As a newbie, I’ve been receiving files via email, copying them to my Jupyter Notebook folder, running my script, emailing the resulting outputs back to my customer. As a prospective data scientist I’ve been feeling positively embarrassed about this ridiculously low-tech process! Thanks to my colleagues Shaun and Christine, I’ve been set onto the path of automation – thanks guys :). Here’s what I learned about this setup:
Resources
- How job scheduling works
- Making sure your bash_profile is correct
- Using runipy for command line execution
My crontab recipe (MAC OS)
- Make sure the runipy package is installed and updated
- From the Terminal command line, change to the directory where your .ipynb notebook is located and then check that you can run it successfully via the command line:
runipy MyNotebook.ipynb OutputNotebook.ipynb
The above will run the original and output the results to the new (I just like to make sure my original is definitely definitely not affected in any way – this is probably paranoid!)

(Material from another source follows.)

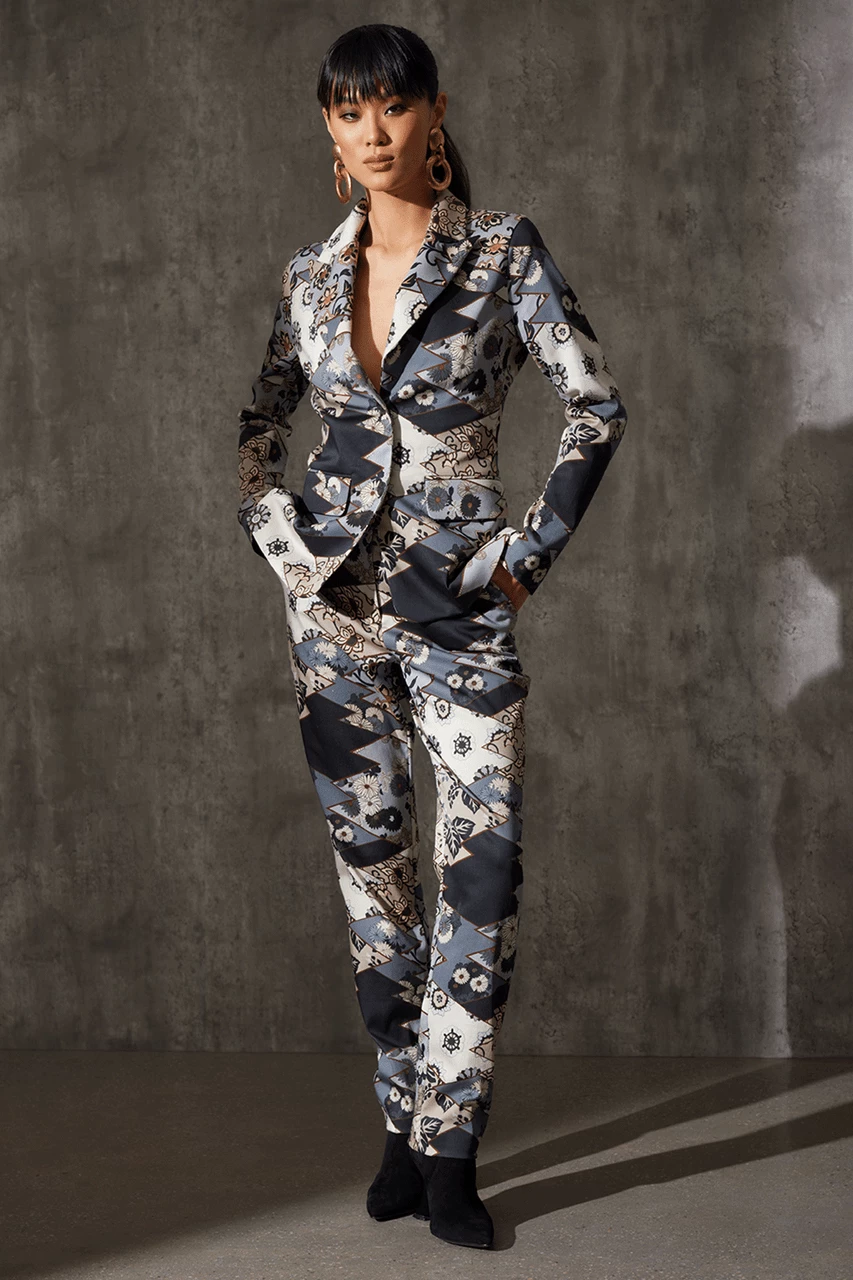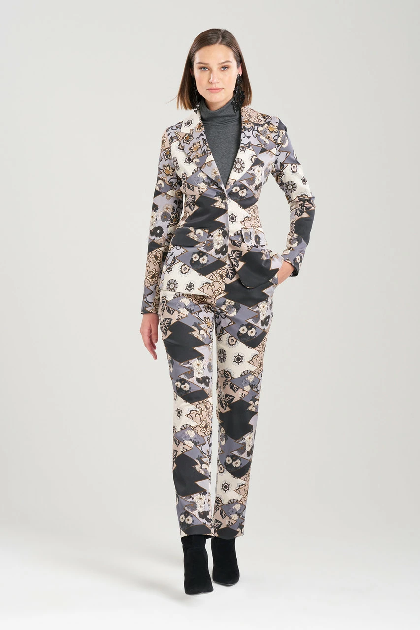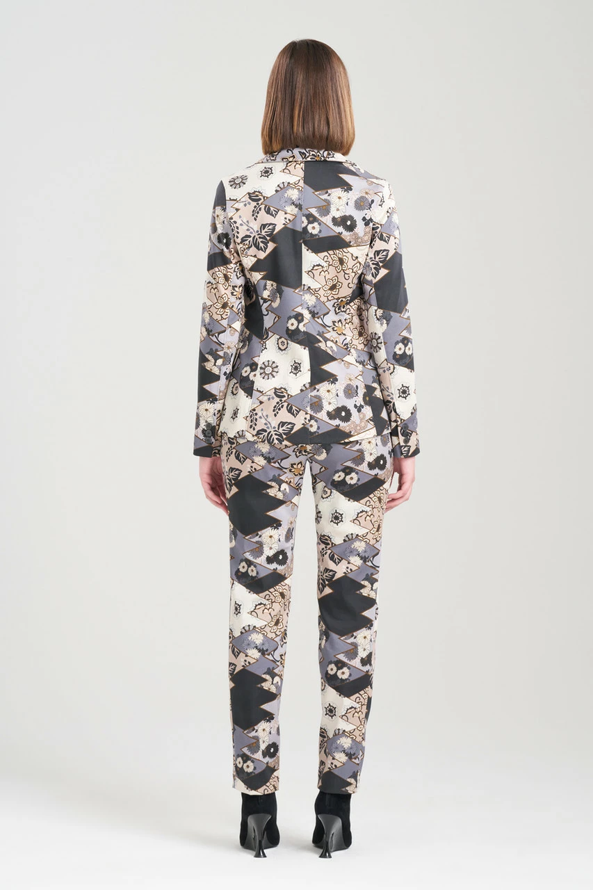 Detailed tonal patchwork meets stretchy cotton chino.

- Now let’s fire up Crontab. From the command line:
env EDITOR=nano crontab -e
The Crontab window is displayed.
- Use the following format, described in detail here to construct the commands required:
* * * * * command1 && command2 && command3, etc.
My example was as follows:
14 8 * * * .~/.bash_profile && cd ~ && cd Docs && runipy viz.ipynb viz_out ipynb
- Sourcing your regular bash_profile (.~/.bash_profile) before anything else is crucial otherwise you will find that commands that normally work suddenly don’t work for reasons explained in detail here.

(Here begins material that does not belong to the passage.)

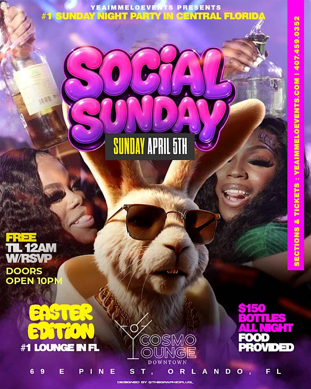 by admin23Feb SOCIAL SUNDAYs – Easter Edition at Cosmo Downtown – Orlando, FL SOCIAL SUNDAYs – Easter Edition at Cosmo Downtown – Orlando, FL 2 2 people viewed this event. Get ready to hop into Easter vibes with a special edition of SOCIAL SUNDAYs, where good times and great company await! Tickets-RSVP Link Date And Time Sunday, April 5th, 2026 10:00 PM (PST) Venue Cosmo Downtown Location 69 East Pine Street, Orlando, FL 32801 Event Types Party or Social GatheringSeasonal & Holiday Event Category FloridaOrlando Share With Friends Facebook Twitter Linkedin Xing Pinterest Share This Post:

- Use Ctrl + O to save, and Ctrl + X to exit.
- You will receive mail via the command line! Just type mail to select the latest mail and read what the problems were, if any.
NOTE! If you can’t run your .ipynb file via the command line then it definitely won’t run in Crontab, so make sure you resolve any command line issues first and then only attempt scheduling… I know, I know – it’s obvious now… 🙂